Hypotheticals
Written by Dan
Up to this point, starting the theater has been a lot of hard work. Nicole and I have spent hours upon hours researching ideas, writing the business plan, creating revenue/cost projections, speaking with theater owners, getting quotes from vendors, and doing all the other fun stuff that goes along with being in the developmental stage of a start-up business. Yet, amidst all those hours of grown-up seriousness, we still find time to indulge ourselves and hypothesize about more trivial issues, which is what I'd like to talk about today.
The majority of these scenarios will probably never occur, but on the off chance that they do, Nicole and I have had lots of fun coming up with creative, and often off-the-wall, approaches for each of them. If you don't mind, I'd like to share a few with you... so here goes:
Return of the Ex
I think anyone who has ever had an ex has thought of this situation at least once in their life. You've imagined yourself running your own business, being the talk of the town, and then one day, inevitably, you run into your ex. Would you flaunt your success in his or her face? Of course you would! The only differences in this flight of fancy would lie in the subtlety of your approach.
Nicole and I both have exes, the majority of which live in or around Midwestburg, so the possibility of running into one is fairly high. I don't harbor ill will towards any... oh, who am I kidding... towards either of the girls I've dated, but that doesn't necessarily mean the feeling is mutual. I won't go into details, but I'm sure there's at least one jilted young woman out there who would just as soon slap me across the face as she would buy popcorn and soda from me. All of this begs the question - what would we do if they showed up?
The answer is nothing. If Nicole and I really end up running our own theater, there would be little else we'd need to do to impress our preternatural coolness upon our jealous exes. As I said before, it all lies in the subtlety of your approach, and ours will be as subtle as they come. I know that sounded a bit less than modest, but don't forget, this is a "fantasy," and if I want Nicole and I to be cool in it, by gum, we're cool! If, however, the angry ex from the prior paragraph appears at our door, I'll quickly bolt into the projection room and pelt her with popcorn until she capitulates and buys a "DAMN HUGE" combo meal.
I'm Seeing Stars
Ok, this scenario will be a little tricky, because if I divulge too much I might end up comprising the true location of Midwestburg, which would mean I'd have to kill myself, but for the sake of longevity, I must, and shall, proceed. There is a certain A-list celebrity who calls Midwestburg his or her home. This celebrity is famous enough that if you were to run into her/him on the street, you would immediately either a) pass out, b) start crying, or c) lose control over your bladder. It also happens to be that our hometown celebrity is married to another person who is close to, but not surpassing, him/her in famousness. They come to town often, and if our theater is up and running, they may, just maybe, darken our doorstep and demand to see a movie.
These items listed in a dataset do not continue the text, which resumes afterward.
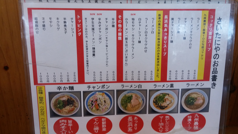 | 感想(コメント) | 初糸島上陸です。 まず行くことのない糸島に美味しいラーメンを食べに行きました。 ご存知の通り西谷家前原店です。 西谷家と書いてサイタニヤと呼びます。^^ 天気も良かったので国道202号をひたすらバイクで行きました。 西谷家のラーメンの特徴は超コッテリ系とあっさり系を食べれることです。 前西谷家の野方店に行ったときはコッテリ系を食べました。 とにかく西谷家はそのドロドロしたコッテリスープが人気を集めています。 しかし本日はあっさり系のラーメン白を食べました。 ネギ盛りもトッピング。 スープはやはりあっさりしています。 でも、やはり美味しくて飲みやすい。コッテリが苦手な方は ぜひこのあっさりスープを注文してください。 麺は細麺でチャーシューは薄切りのチャーシューで美味しい。 また、学生には優しい店で学生支援ラーメンがあります。 つまり値段は一緒で麺の量が増量してある。 口コミではチャンポンも美味しいということ。 |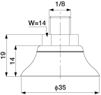 Ventosa 19mm, SFSGA 20 SI-M5 M (Sanfonada / Silicone)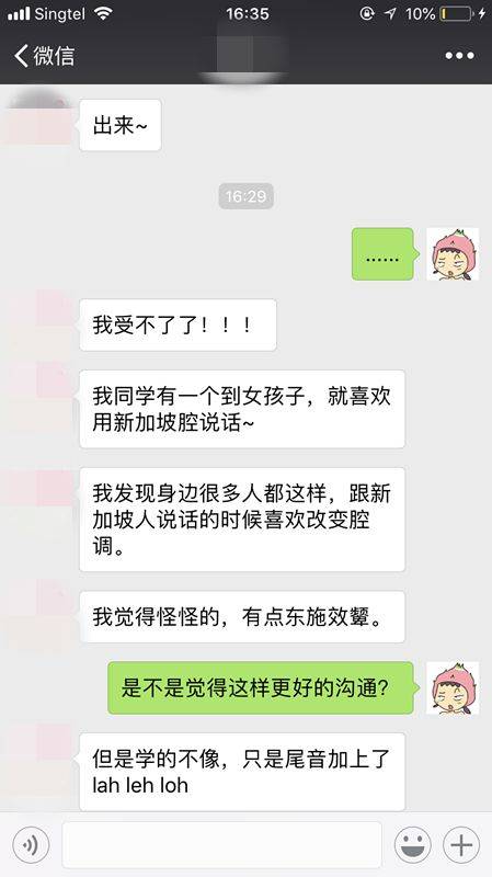 对于身边用新加坡腔的中国人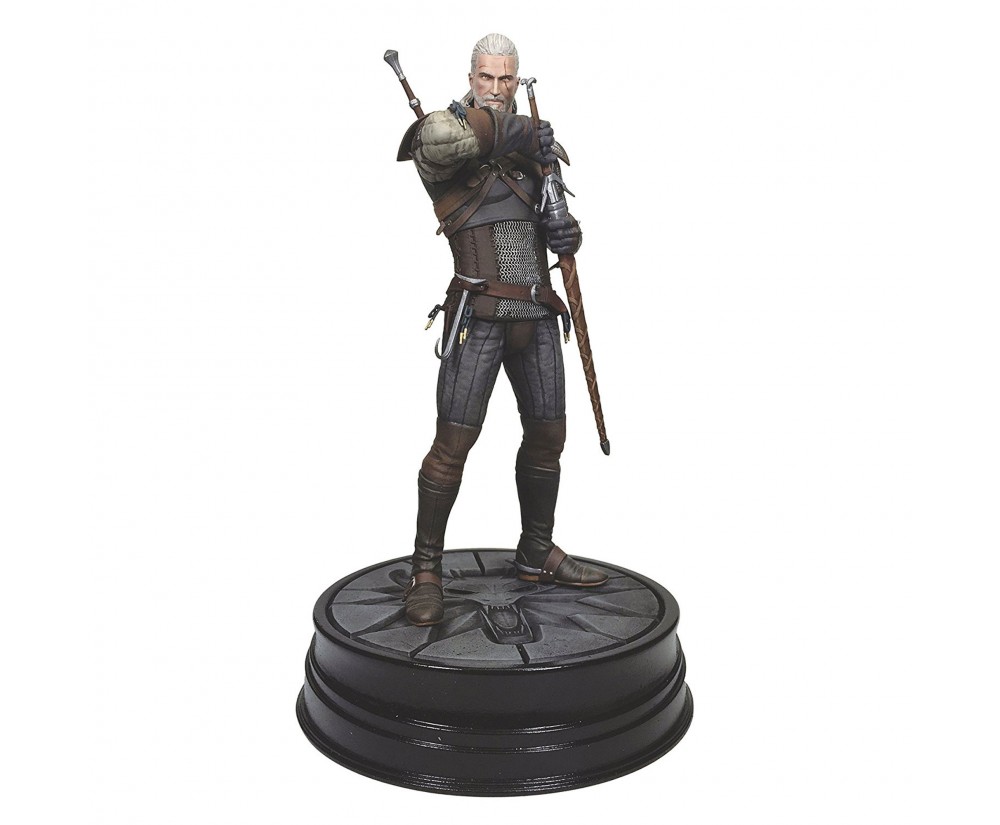 From the critically acclaimed video game Depicts Geralt, the monster-slaying protagonist from the game Figure stands 8" tall on a 1.5" base Custom painted figure Deluxe window box packaging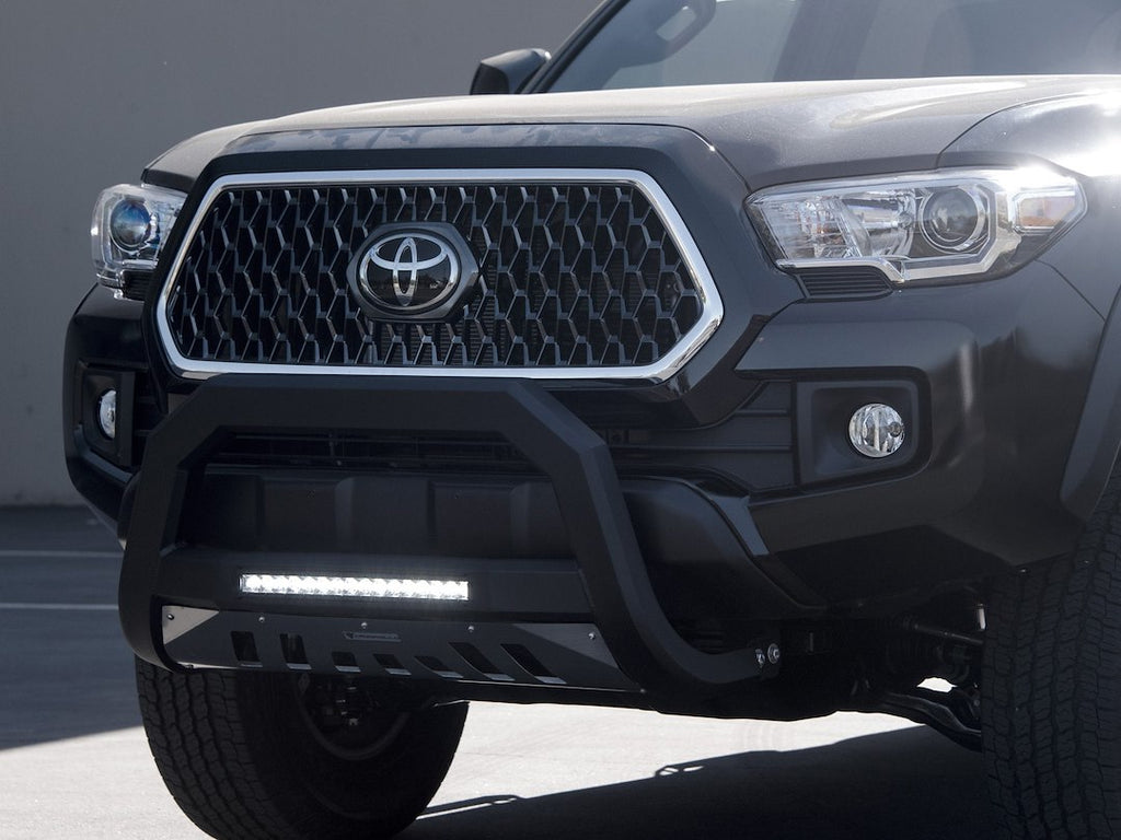 The Armordillo AR Series Bull Bar combines robust front-end protection with a sleek design, making it a practical addition to your vehicle. Crafted from high-quality steel and finished in a matte black powder coat, this bull bar not only enhances the aesthetic appeal of your vehicle but also provides essential durability and strength. The integrated LED light bar and aluminum skid plate further enhance its functionality, ensuring you are well-equipped for any driving conditions.

What would we do? What if the celebrities... we'll call them Jack and Jill... what if Jack and Jill wanted to see Napoleon Dynamite all by themselves. No nosy fans, no bothersome theater owners, no DAMN HUGE meal combos, no shirts, no shoes, no DICE!? As a respectable theater owner, should I charge them for the cost of selling out the entire auditorium, or should I let it slide and exact my repayment in some other way - like having them film the theater's intro reel, which is the little movie before the movie that tells you to turn your cell phone off, and not to talk or smoke. That would be cool. I guess we'll have to cross that bridge when we come to it.
Unruly Patrons
So you're right in the middle of a movie, right? You're enjoying it, you're drawn into the action, and then the butthole sitting next to you starts talking loudly, or his/her cell phone starts ringing to the tune of "Tipsy" by J-Kwon, or they start making out with their straw. You know what I'm talking about. How annoying is that? I wish I could have the camera above the screen suddenly pan in on the offender and say "SHUT UP" or "STOP THAT" or "MIMOSAS FOR EVERYONE!" Of course, that would interrupt the movie for everyone else, but wouldn't it be worth it? I mean, really?
Maybe it would be more plausible if I made something up that I could tell the audience before each show, like "if anyone's cell phone goes off during the show, a pulse of electro-magnetic energy will be focused on the cellular source and it will melt in your pants... regardless of whether it's in your pocket or not." That would be funny, at least to me. Then someone would say something like, "Shut up, man, and play the freakin' movie!" and I'd be like, "Yeah! Yeah?! Yeah? Oh." Then I'd bow my head and shuffle up to the projection room where I'd throw popcorn out of the porthole onto the heckler until they capitulated and bought a deceivingly-packaged bag of Twizzlers. Yippee!